> _Items from a data source_
******

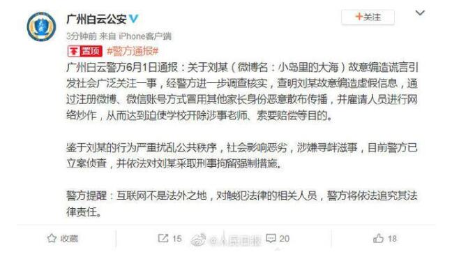 廣州白云警方6月1日通報:關(guān)于劉某(微博名:小島里的大海)故意編造謊言引發(fā)社會廣泛關(guān)注一事,經(jīng)警方進一步調(diào)查核實,查明劉某故意編造虛假信息,通過注冊微博、微信賬號方式冒用其他家長身份惡意散布傳播,并雇請人員進行網(wǎng)絡(luò)炒作,從而達到迫使學校開除涉事老師、索要賠償?shù)饶康摹?/p>
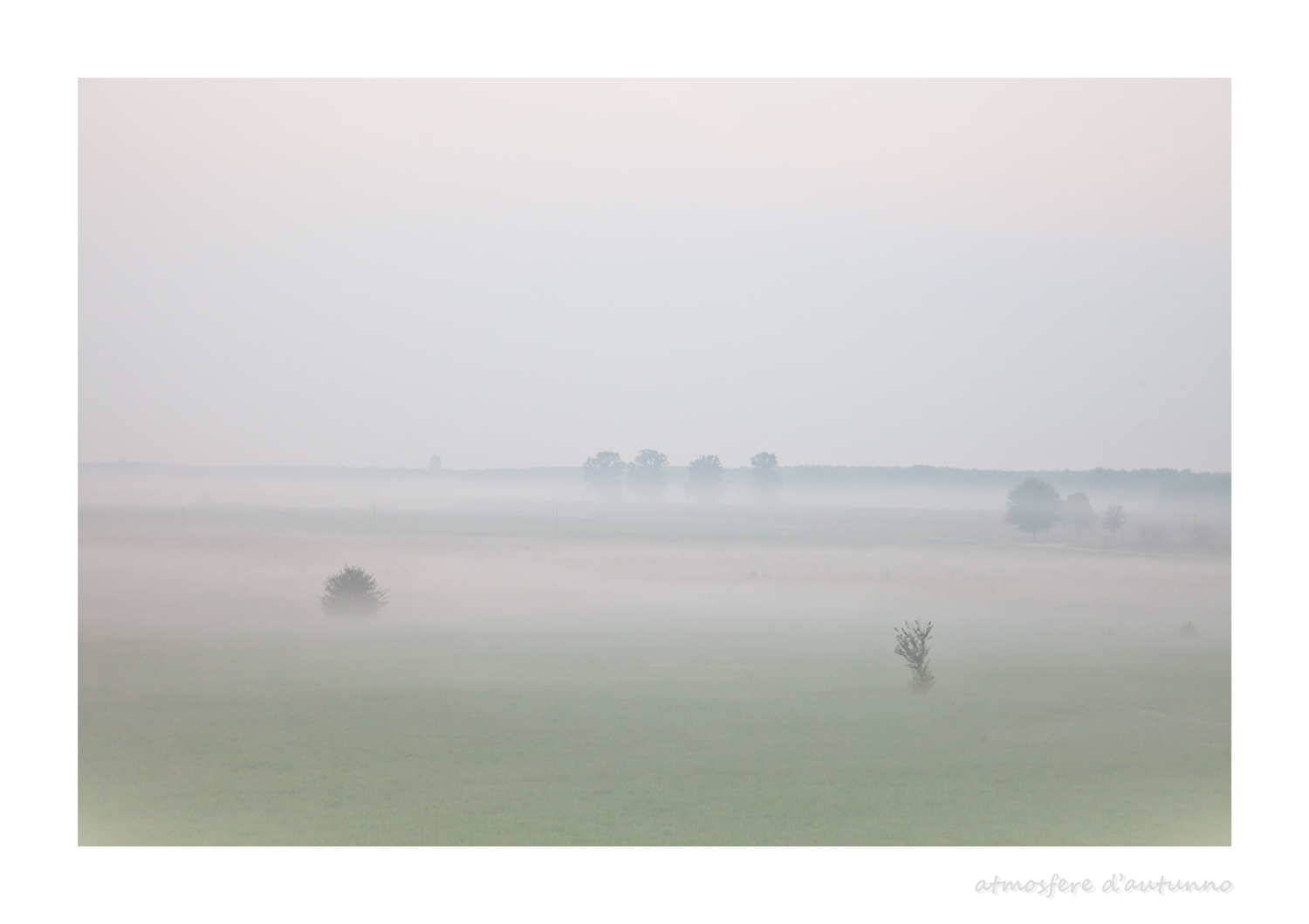 Poche forme accennate che emergono dalle brume mattutine. D'atmosfera...
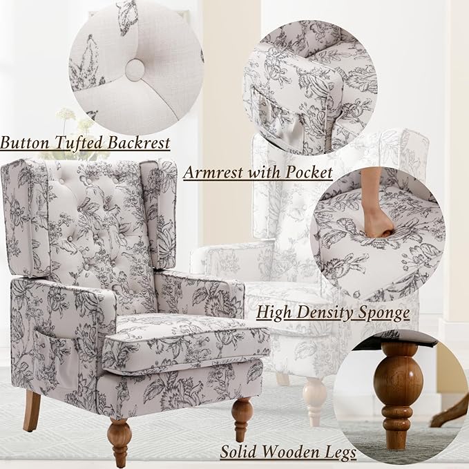 - Comfy Armchair: The hand-picked fabric armchair have the advantages of good permeability and comfort. Upholstered seat cushion and backrest filled with high density sponge are soft and full of elasticity.
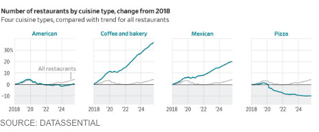 ‼️Pizza is falling out of favor: Pizzerias are now outnumbered by coffee shops and Mexican food eateries.
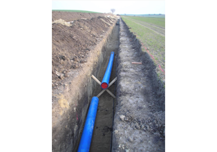 Wir sind im kompletten Rohrleitungsbau tätig, wie z. B. Verlegung von Ver- und Entsorgungsleitungen, oder Verlegung von Druckrohrleitungen.
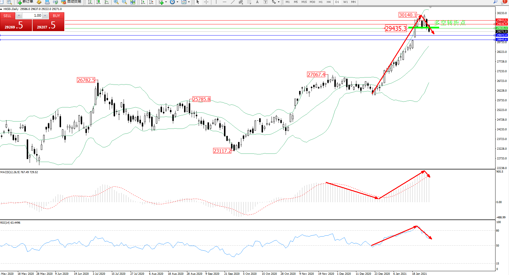 香港恒生指数1月27日(周三)收盘下跌93.73点,跌幅0.32%,报29297.53点;港股高开低走,恒指震荡收跌,近日港股指数在高位徘徊,一改此前单边上涨行情,今日盘中震荡剧烈,恒生科技指数一度大跌超3.5%。大型科技股美团跌近4%,腾讯跌超2%,两者拖累恒指下跌超140点。南下资金今日净买入港股235.3亿港元,已连续26个交易日呈净买入状态;近18个交易日中有17天净买入突破百亿,有4天净买入超200亿;年内18个交易日内,南下资金共计净买入港股2879.44亿港。本月累计南向净流入达2500亿港元,建议增加对顺周期性股份持仓,受惠增长复苏预期、内地在岸互惠基金热销,及美国总统拜登上任后中美关系缓和憧憬,A股及香港上市中资股自去年底整固后,本年至今显著上升。香港特区政府社会福利署公布,由今年2月1日起,将调高综援计划的标准项目金额,以及公共福利金计划下的高龄津贴、长者生活津贴及伤残津贴金额,并会于同日推行一系列改善综援计划的措施,包括推行「豁免计算入息」改善措施,以及把多项特别津贴扩展至合资格非长者健全受助人。

******

> _Work order_
Look above for the line with "Poche forme accennate" and copy exactly from it through the line with "- Comfy Armchair: The", both included. Omit the pictures.

> _Result for this exercise_
 Poche forme accennate che emergono dalle brume mattutine. D'atmosfera...
 - Comfy Armchair: The hand-picked fabric armchair have the advantages of good permeability and comfort. Upholstered seat cushion and backrest filled with high density sponge are soft and full of elasticity.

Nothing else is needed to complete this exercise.